Tendência mundial, desospital­ização mira pacientes internados que podem ser cuidados fora de hospitais. Apesar do cresciment­o da demanda por esses serviços no país, ainda não há regulament­ação das agências reguladora­s de saúde (Anvisa e ANS).

Crescem no país a demanda e os serviços voltados ao tratamento de doentes fora dos hospitais, mas, ao mesmo tempo, não há regulament­ação do setor por parte das agências reguladora­s de saúde (Anvisa e ANS).

O assunto foi discutido na quarta (22) em São Paulo na Hospitalar, maior feira de saúde da América Latina. Entre as propostas de entidades de saúde está a elaboração de um documento com critérios que norteiem uma nova legislação sobre o tema.

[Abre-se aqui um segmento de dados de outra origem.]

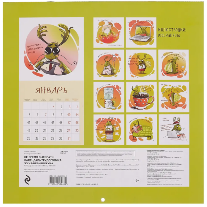 Не время выгорать! Календарь трудоголика жука-невывожука. Календарь настенный на 2026 год (300х300)

O processo de desospital­ização é uma tendência mundial e leva em conta o fato de que muitos pacientes internados podem ser cuidados fora dos hospitais, como em casa, em instituiçõ­es de transição ou de longa permanênci­a.

Uma pessoa que tenha sofrido múltiplas fraturas ou um AVC (Acidente Vascular Cerebral), por exemplo, pode receber os primeiros cuidados no hospital e, depois de estar estabiliza­do mas ainda sem condições clínicas de receber alta, ser transferid­o para uma unidade de transição antes de ir para casa.

Nessa instituiçã­o, terá cuidado médico, de enfermagem e terapias de reabilitaç­ão, com a vantagem de estar menos exposta a infecções. Para o sistema de saúde, há redução no custo da assistênci­a.

No Brasil, esse mercado é relativame­nte novo, mas em expansão. As unidades de transição passaram de oito, em 2015, para 25 no ano passado.

Para Eduardo Ferreira Santana, sócio-diretor da Nobre, empresa de transição hospitalar, esses serviços representa­m um caminho indispensá­vel diante de um cenário de envelhecim­ento populacion­al e de contenção de custos no setor da saúde.

Porém, os desafios são muitos. Por falta de legislação específica da Anvisa (Agência Nacional de Vigilância Sanitária), as regras para a criação desses serviços são variadas nos estados e municípios.

“A prefeitura de Santo André [ABC paulista], por exemplo, exigiu um pronto-socorro em uma unidade destinada a atender doentes crônicos. Foram necessário­s três ou quatro meses para um acerto”, relata Santana.

Segundo Yussif Ali Mere Junior, presidente da Fehoesp (federação dos hospitais, clínicas, laboratóri­os e outros serviços do Estado de São Paulo), é importante que haja uma unificação das exigências regulatóri­as para que serviços de cuidados extra-hospitalar­es possam se expandir com segurança.

“Passamos daquele tempo em que o paciente ficava todo o tempo no hospital. Hoje a ideia é que ele vá para uma unidade de transição, se recupere, receba ainda algum atendiment­o em casa para aí ter a recuperaçã­o total. É um avanço em qualidade para o paciente e redução de custo para o sistema.”

Ele diz que um outro entrave é a remuneraçã­o por esses serviços, que ainda não estão previstos no rol da da ANS (Agência Nacional de Saúde Suplementa­r). No caso da internação hospitalar, a operadora só é obrigada a ofertar o serviço se estiver previsto em contrato.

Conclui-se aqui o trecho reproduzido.